The filenames have the following nomenclature :

T_BBBBNN_C_EEEE_YYYYMMDDhh_##########.cap

where:

- T: constant string. Literal specification from WMO-386 manual as a prefix for this file naming convention.
- BBBBNN (for tornado and severe thunderstorm alerts): 4 letters and 2 numbers representing the 2 letter province or water body code, the 2 letter country code CN (from the WMO list), and a 2 digit numeric code set to 00 to satisfy the format of the existing filename structure. Ex: ABCN00.
- BBBBNN (for all other alerts): 4 letters and 2 numbers representing the traditional WMO bulletin header used for the alert bulletin on the WMO transmission circuits. Ex: WWCN11.

- C: constant string. Specified by the WMO, as a prefix for the CCCC group.
- EEEE: 4 letters for the responsible office code (CWAO, CWTO, etc.). The exception is for tornado warning and severe thunderstorm warning alerts where the 4 letters are either LAND or WATR rather than responsible office.
- YYYYMMDDhhmm: warning transmission date/time (UTC).
- '##########': the 10 numeric digit CAP message identifier found in the CAP file

In [1]:
from datetime import datetime, date
from datetime import timedelta
import subprocess
import os
import pandas as pd
import xml.etree.ElementTree as ET

In [2]:
# Define where the data store locally
# save_dir = './alerts'

# For windows
# save_dir = r'D:\3.MMAI5100 Database Fundametals\WeatherAPI\alerts'
save_dir = '.'

In [3]:
current_date = date.today()
current_date

datetime.date(2023, 8, 13)

# NOTE
After the first time, no need to run week_dates again

In [4]:
# Get the latest one week date 
# week_dates = [(current_date - timedelta(days=i)).strftime('%Y%m%d') for i in range(0, 7)]

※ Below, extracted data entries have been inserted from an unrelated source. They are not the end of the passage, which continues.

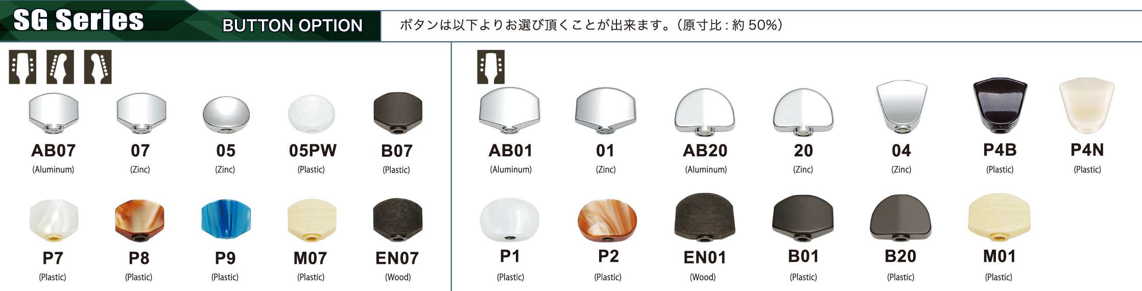 実はGOTOHのギターペグ、注文であればボタン(ペグのツマミ部分)を選べるんです!
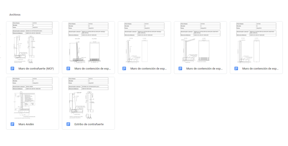 Foprar pone a disposición de todos sus clientes las hojas de especificaciones de su oferta en muros de hormigón de espesor variable, espesor constante, de contrafuerte y de andén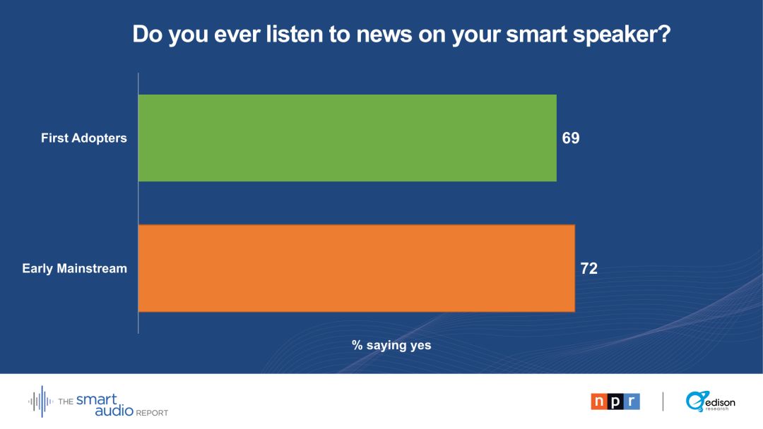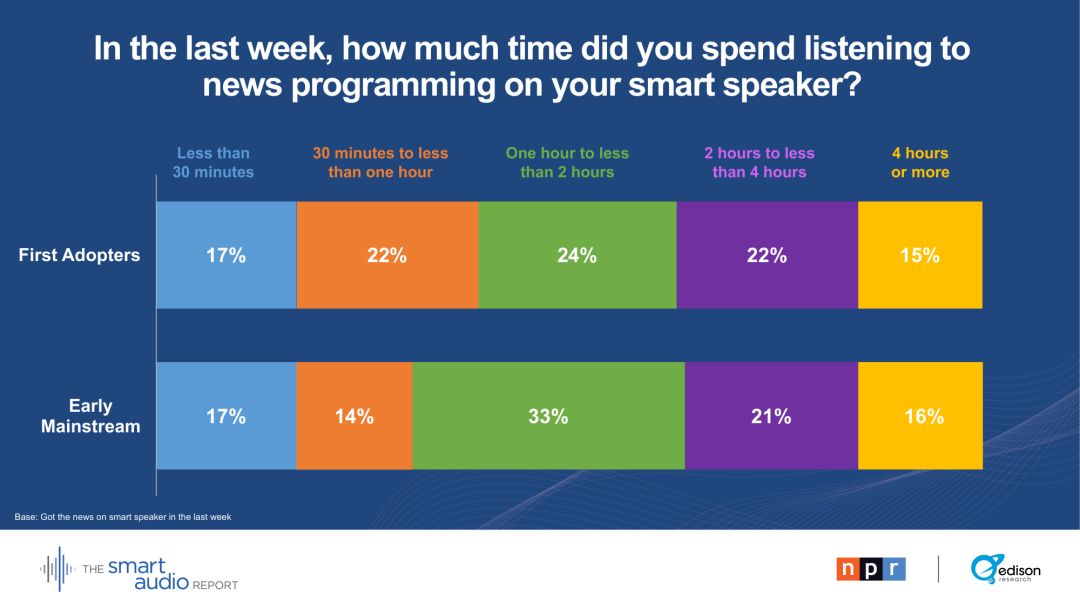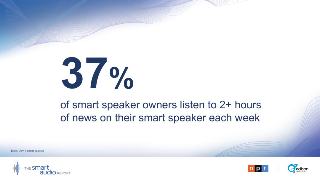 听新闻成为第一批智能音箱采用者和早期主流用户使用的重要驱动力: 37 %的智能音箱所有者在上周至少听了两个小时的新闻。根据2018年春季发布的消息,平台上有更多的新闻需求,这是推动智能音箱销售的一项动力。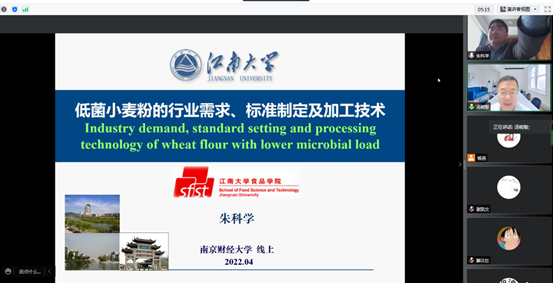 邀请,江南大学朱科学教授作了题为“低菌小麦粉的行业需求、标准制定及加工技术”的线上学术报告,学院部分教师和研究生参与了本次报告会,报告会由学院副院长汤晓智教授主持。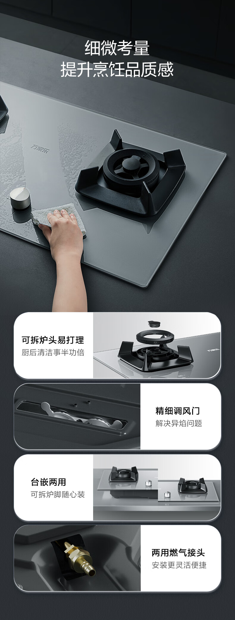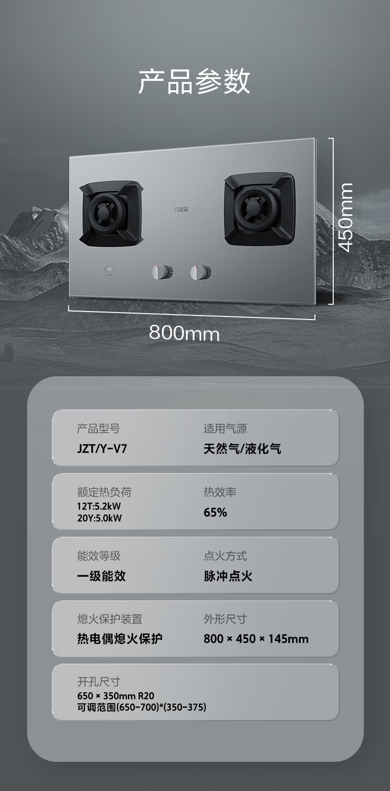 万家乐精灶百味燃气灶JZT-V7 玻璃面板 天然气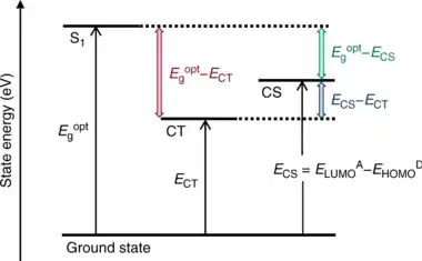 The mechanism of current induction in organic solar cells involves a charge transfer. After electromagnetic absorption and exciton formation in the electron donor polymer, the excited electron is moved towards the acceptor conduction band (LUMO) as a result of the lower energy value than the donor LUMO. This process is called a charge separation, and the corresponding energy value satisfies where CS denotes charge separation, A denotes the acceptor and D denotes the donor molecule. Along with the Coulombic potential that needs to be surpassed, the maximum energy obtained from the process is defined as the Charge Transfer energy, . The difference between the optical excitation energy (the optical band gap energy, ) and the charge transfer energy is the driving force of the system.[8]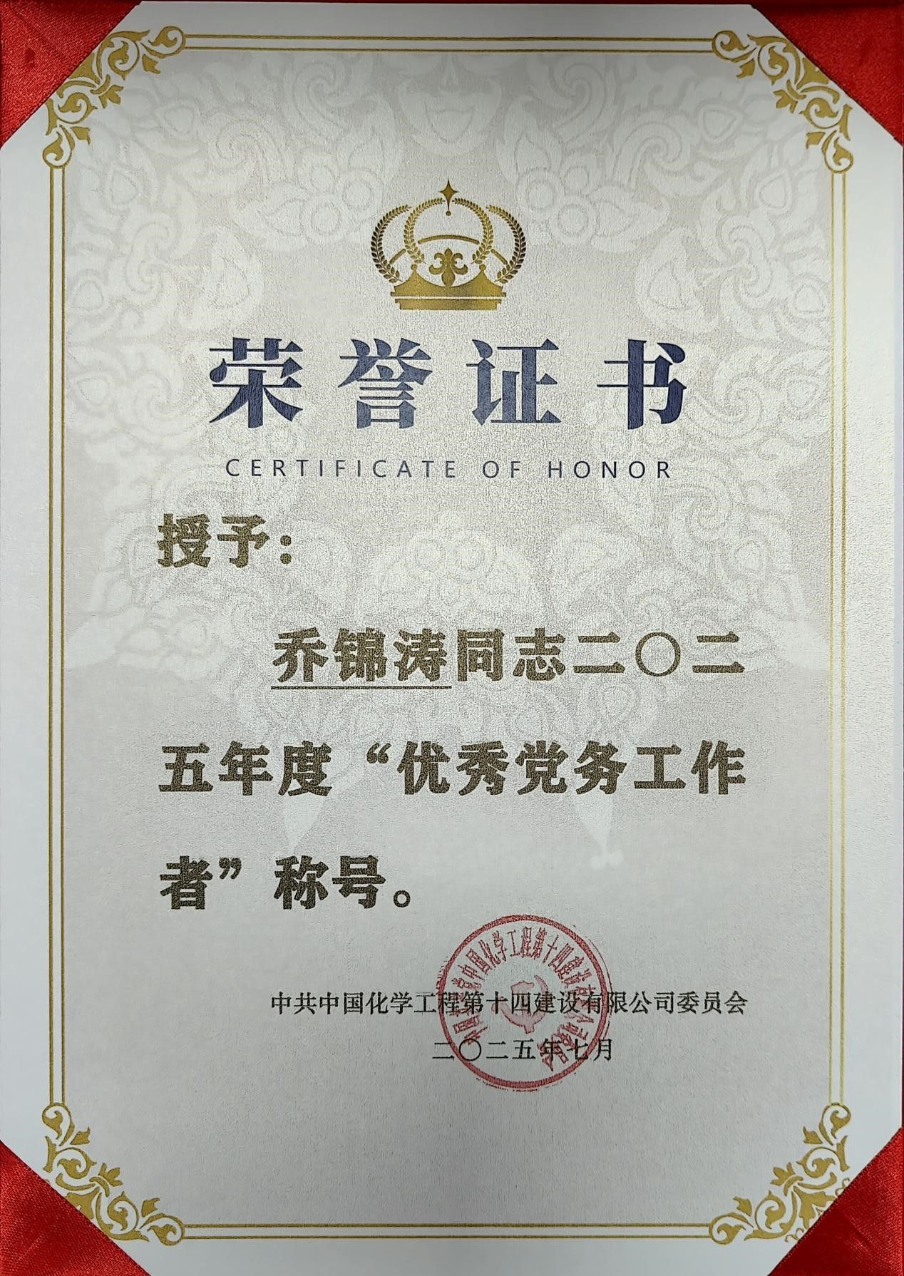 姓名:乔锦涛,性别:男,政治面貌:中共党员,入学年份:2018年9月,专业:化学工程与工艺,毕业年份:2022年6月,现在工作单位:中国化学工程第十四建设有限公司印尼分公司,岗位:党建专员兼团支部书记、印尼贝特瑞项目质量经理。

# Define some helper functions

In [5]:
def get_remote_data(url):
    if not os.path.exists(save_dir):
        os.makedirs(save_dir)
    cmd = ['wget', '-r', '-np', '-nH', '--cut-dirs=1', '-P', save_dir, url]
    process = subprocess.Popen(
        cmd,
        stdout = subprocess.PIPE,
        stderr = subprocess.PIPE
    )
    process.communicate()
    
    if process.returncode != 0:
        print("url does not exist!")

In [6]:
def get_element_tag(element):
    if element.tag[0] == "{":
        uri, ignore, tag = element.tag[1:].partition("}")
    else:
        uri = None
        tag = element.tag
    return tag, "{"+uri+"}"

In [7]:
def get_area_info(area):
    areaDesc = ''
    ploygon = ''
    geocodes = []
    for attr in area:
        tag, uri = get_element_tag(attr)
        if tag == 'areaDesc':
            areaDesc = attr.text
        if tag == 'polygon':
            ploygon = attr.text
        if tag == 'geocode':
            for geo in attr:
                tag, uri = get_element_tag(geo)
                if tag == 'value':
                    geocodes.append(geo.text)
                    
    geocodes = ','.join(geocodes)

    return areaDesc, ploygon, geocodes

## Note
For testing purpose, we only collect alerts from Ontario Storm Prediction Centre (CWTO) and tornado warning and severe thrunderstorm warning alerts on LAND.

In [8]:
hours = ["{:02d}".format(i) for i in range(0, 24)]
# dests = ["CWTO", "LAND"]
# Full data
dests = ["CWHX", "CWNT", "CWTO", "CWUL", "CWVR", "CWWG", "LAND"]

# Get Remote Data
- If this is your first time run the code, you can download the last 7 days data
- Daily run:
    - Skip week data downloading
    - Just download current date data
    

# Best and Fast way to get Remote Data
Using Advanced Message Queuing Protocol(AMQP) they provided.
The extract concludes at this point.